SCO a vehicle for peacemaking and prosperity-making: analyst
Chinese President Xi Jinping (R) meets with Russian President Vladimir Putin ahead of the 16th Shanghai Cooperation Organization (SCO) Council of Heads of State meeting in Tashkent, Uzbekistan, June 23, 2016. [Photo/Xinhua] |
As India and Pakistan join the Shanghai Cooperation Organization (SCO) economic and military alliance, political analyst Eric Draitser discusses Washington's shrinking global influence.
"The SCO is really seen, in many ways, as sort of the vehicle by which Russia and the Chinese moved closer together," Draitser said. "This multilateral, international organization provides a potential platform, a potential forum for conflict resolution."
"I think we have a new potential vehicle for peacemaking and prosperity-making," he suggested.
The inclusion of India and Pakistan is the first expansion since the 2001 founding of the SCO. Taken with other recent economic unions, Russia, China, and many former Soviet republics are seeking to provide for their own opportunities.
"I think there are a number of reasons why there is a potential for a lasting alliance here," he says. "If you take these things together, what you see is one cohesive and coherent strategy for the creation of an antidote to the West."

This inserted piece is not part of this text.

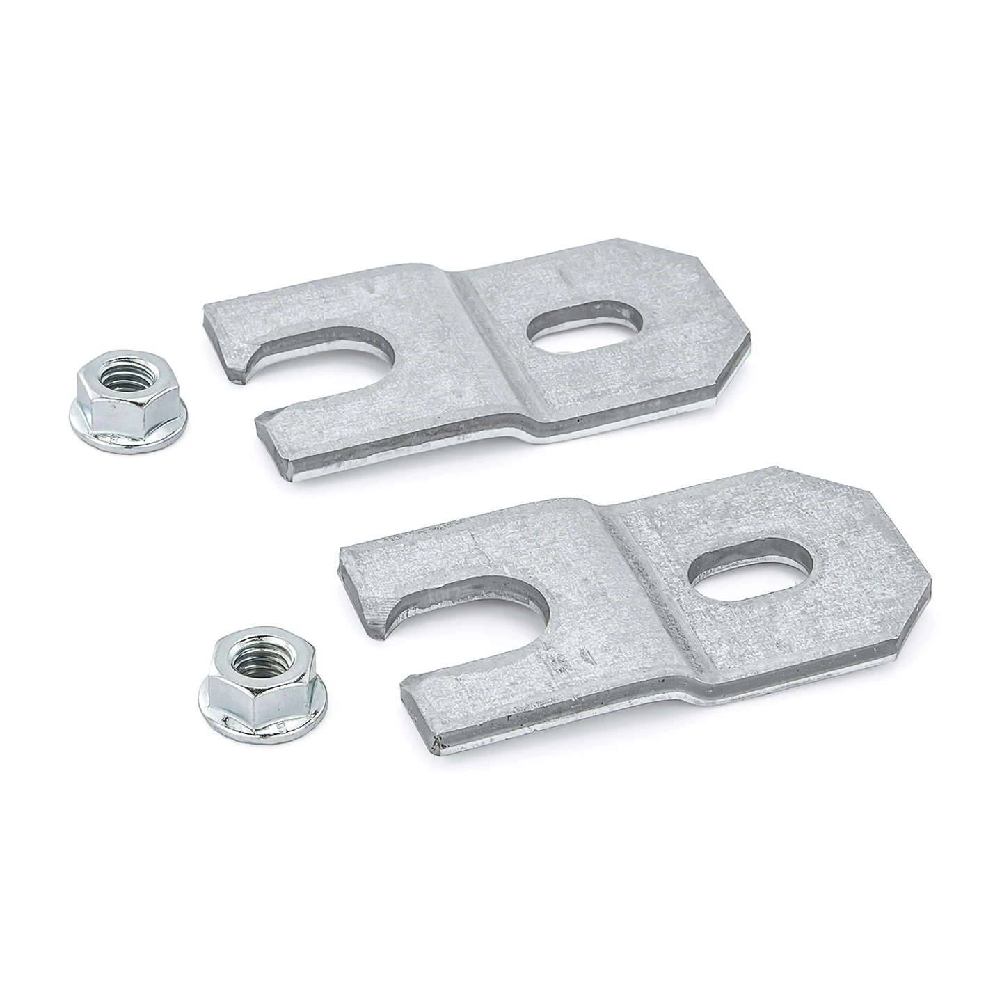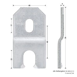 Die Hörmann Dübellasche eignet sich ausschließlich für Hörmann Multifunktionstüren aus Stahlblech, die mit einer Eckzarge ausgestattet sind und eine Falztiefe von 46 mm aufweisen. Mit dieser Falztiefe sind Türen mit 45 mm starkem Türblatt in Dünnfalzausführung oder mit 55 mm starkem Türblatt in Dickfalzausführung ausgestattet. Diese werden mit einer Eckzarge ausgeliefert, die über Ankerlaschen in Mauerwerk oder Beton befestigt wird. Hierfür ist die Zarge mit entsprechenden Schraubzapfen ausgestattet, auf die die Dübellaschen geschraubt werden. Diese normalen Ausführungen müssen eingeputzt werden, womit die Montage in Sichtmauerwerk oder Beton nicht möglich wäre. Dafür, dass auch diese Türausführungen verdeckt montiert werden können, die Ankerlaschen also nicht sichtbar sind, eignen sich diese Dübellaschen von Hörmann. Die Auslieferung erfolgt hierbei paarweise mit den passenden Muttern zum Verschrauben an der Zarge. Zu beachten ist hierbei, dass die Dübellaschen nur für die genannten Türtypen geeignet sind. Für Ausführungen mit abweichender Türblattdicke oder Falzausführung, werden passende Dübellaschen vom Hersteller angeboten.

Despite political conflicts between India and Pakistan, a new partnership between the two nations could work to prevent Washington's ability to meddle in Asia.

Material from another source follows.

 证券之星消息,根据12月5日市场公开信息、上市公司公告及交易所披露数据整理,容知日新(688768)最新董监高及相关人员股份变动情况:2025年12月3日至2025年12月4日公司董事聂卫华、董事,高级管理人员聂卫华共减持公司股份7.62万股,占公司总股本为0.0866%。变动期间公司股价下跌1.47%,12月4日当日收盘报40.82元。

"Can these seemingly disparate issues be, sort of, coalesced into one formal relationship? Ultimately, that's what would benefit all of these countries, and, in my view, that's what the United States fears more than anything else," Draitser says.
Iran could be the next nation to join the SCO.
"If we see that, what that allows Iran to do is to access major investment that is non-Western," he says.